Il calcio olandese è davvero tutto da buttare, come ormai si sente spesso, a causa delle pessime prestazioni della Nazionale e dei club? Stranamente, è questa la domanda che attende il gruppo B, e non solo per la presenza del PSV, ma anche per quella del Manchester United.

I campioni d’Olanda allenati da Cocu non sembrano messi in buona posizione per riscattare l’orgoglio nazionale: sono stati ceduti Memphis Depay e Georginio Wijnaldum, riducendo così drasticamente la qualità offensiva. Eppure, proprio per questo motivo, si candidano ad outsider del girone, e sono chiamati a dimostrare quello che c’è di buono nel calcio nazionale: l’organizzazione tattica, la capacità di crescere i giovani, la ricerca di uno stile di gioco sempre propositivo.

Tre caratteristiche che da sempre fanno parte dell’identità di van Gaal, ma che sembrano sfumarsi in questo suo passaggio al Manchester United: sta diventando sempre più un allenatore pragmatico, oppure si adegua alle risorse disponibili?
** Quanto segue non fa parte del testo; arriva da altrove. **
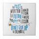 Encouraging quote, with playful typography. "The past is where you learned the lesson, the future is where you apply the lesson, don't give up in the middle" Great for students!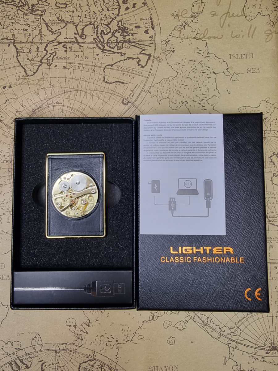 Электронная зажигалка USB с накладкой из натуральной кожи премиального бренда Uyan. Очень приятная тактильно. Модель имеет винтажный дизайн и современную начинку. Символизм времени является глубоким и личным переживанием, потому что это всё, что у нас есть. И неважно, движемся ли мы вместе с жизнью, находясь на волне или избегаем её - время неумолимо, любая история закончится. Но какой именно будет наша история по содержанию - решать только нам. С этой зажигалкой не нужно зависеть от топлива, ведь подзарядить её можно, где угодно – через адаптер от сети, от компьютера, в машине. Кабель в комплекте. Стильный подарок по любому случаю и мужчине, и женщине. Эстетичная и надёжная модель, которая станет достойной частью коллекции любого ценителя эффективного и прекрасного. Зарядка в районе часа; время работы при средней частоте использования - 2-3 дня. В подарочной коробке. Для зажигания развести части зажигалки до появления индикации (на крышке) и дождаться накаливания спирали!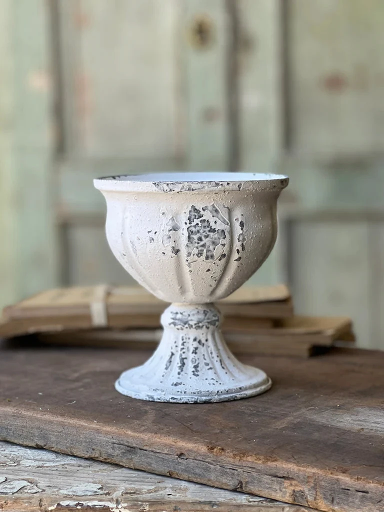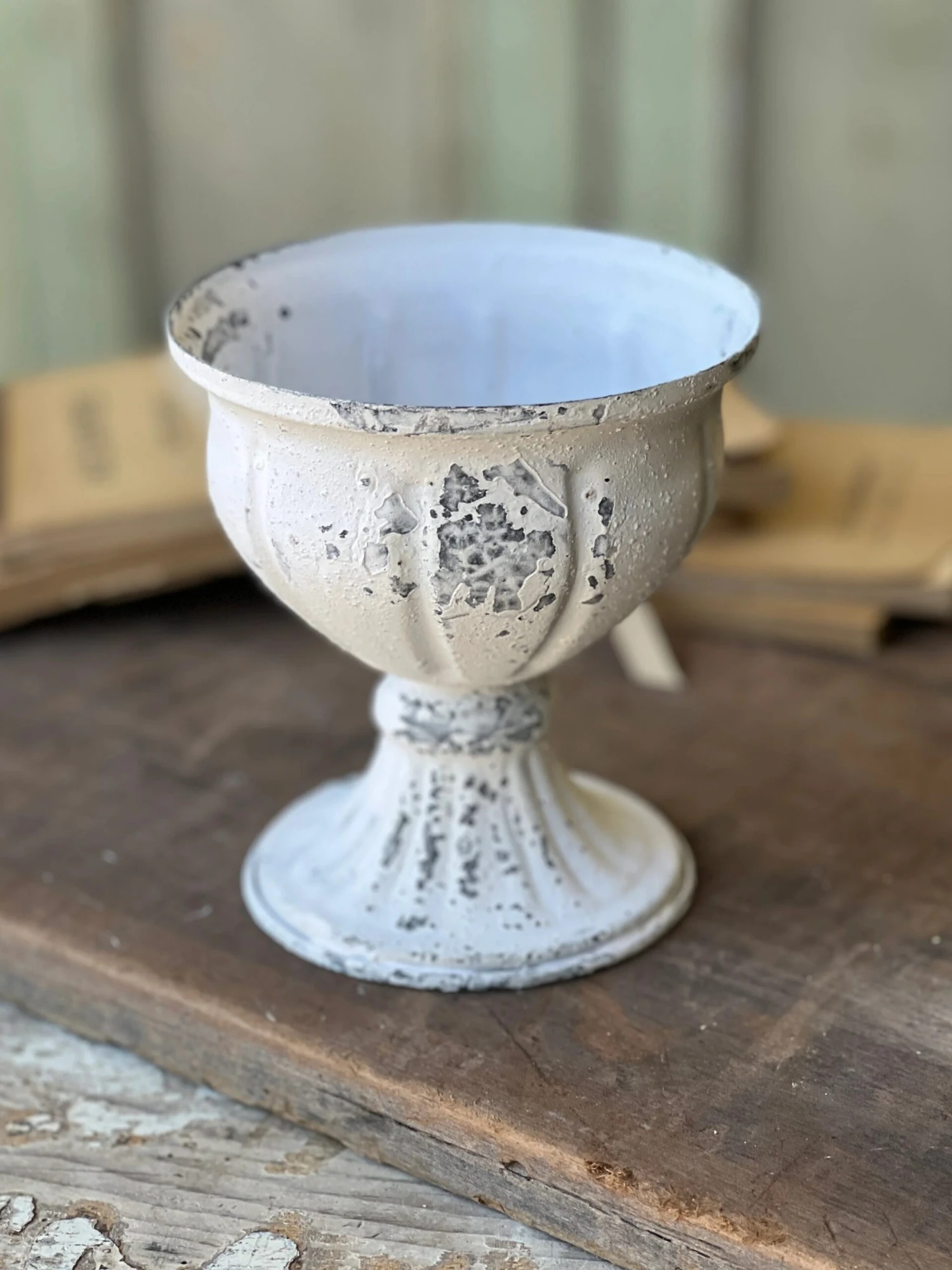 A small goblet with pretty fluting along the base and sides that features a perfectly distressed finish. Extremely versatile and easy to accessorize.

In ogni caso, nei Red Devils ci sono anche grandi giocatori olandesi, come Depay e Blind: toccherà anche a loro dimostrare che il movimento calcistico olandese è ancora vivo.

Fabio

L’ultima notizia in ordine di tempo è che i giocatori del Manchester United non sono contenti dei metodi di lavoro di Louis van Gaal e che una delegazione guidata da Wayne Rooney e Micheal Carrick è andata a lamentarsi con l’allenatore per la ripetitività degli allenamenti, le lunghe sessioni video, i metodi rudi e la troppo rigidità tattica richiesta in campo. Niente che non si sia già visto o sentito con Louis van Gaal. Si racconta che nel report di scouting di un osservatore di una squadra di Premier League fosse annotato che il problema dello United non era né tattico né tecnico, bensì che i giocatori in campo sembravano infelici di fare il loro lavoro.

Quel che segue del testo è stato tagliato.